Desde esa noche en que Cantora se volvió Neverland, necesito una buena noticia. Y llegó al leer que Dolly Parton había donado un millón de dólares a la investigación que consiguió la vacuna del laboratorio Moderna. Siendo adolescente, amé a Dolly Parton porque aunque parecía cursi, detenida en su propio country, la sentía atrevida y haciendo algo delicado pero fuerte por la figura femenina. Mostraba ese escote exuberante, como Mae West, acompañándolo de un mensaje de fuerza y valentía a las mujeres. Cuando se asoció con Jane Fonda, entendí que compartía un pensamiento común y juntas rodaron Como matar a tu jefe (Nine to five) en esa década prodigiosa de los años ochenta, sobre cómo las mujeres explotadas laboralmente podían rebelarse.

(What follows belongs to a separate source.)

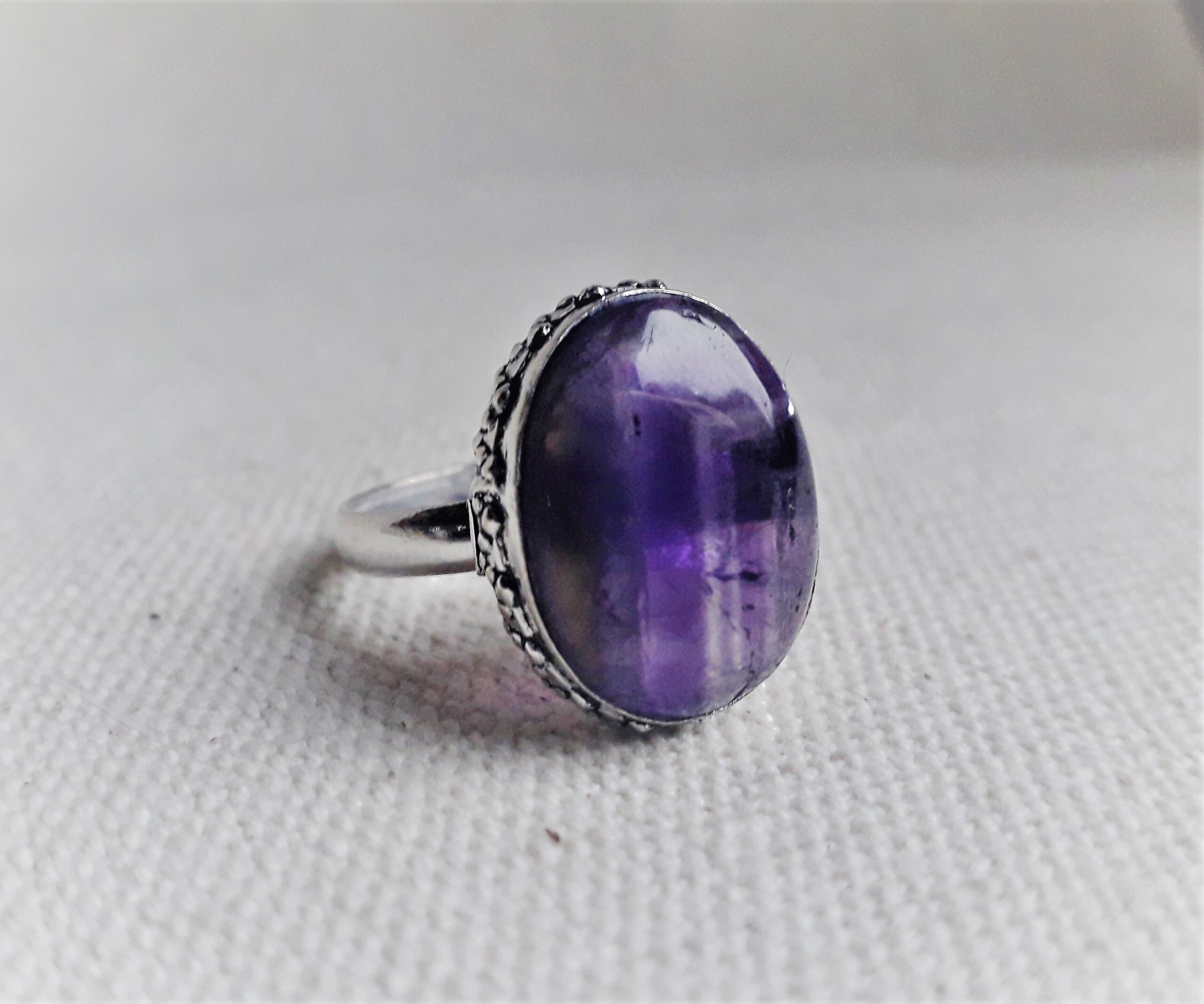 Grande Bague Ethnique – Bague Améthyste- Bague pierre-Bijoux Bohème-Bijoux du Monde-Nepalmashop

Sigue siendo una comedia increíblemente afortunada, filmada en esos ochenta en los que Pantoja seducía a Paquirri, cebando esa leyenda de la tonadillera y el torero. Cuando los fantasmas de Cantora volvíanse fuego de amor, luego cenizas y ahora volcán rentable. Cuando Ana Obregón preparaba paellas para Steven Spielberg. Quizás la mejor noticia sería que todos volvamos a los ochenta al final de las campanadas.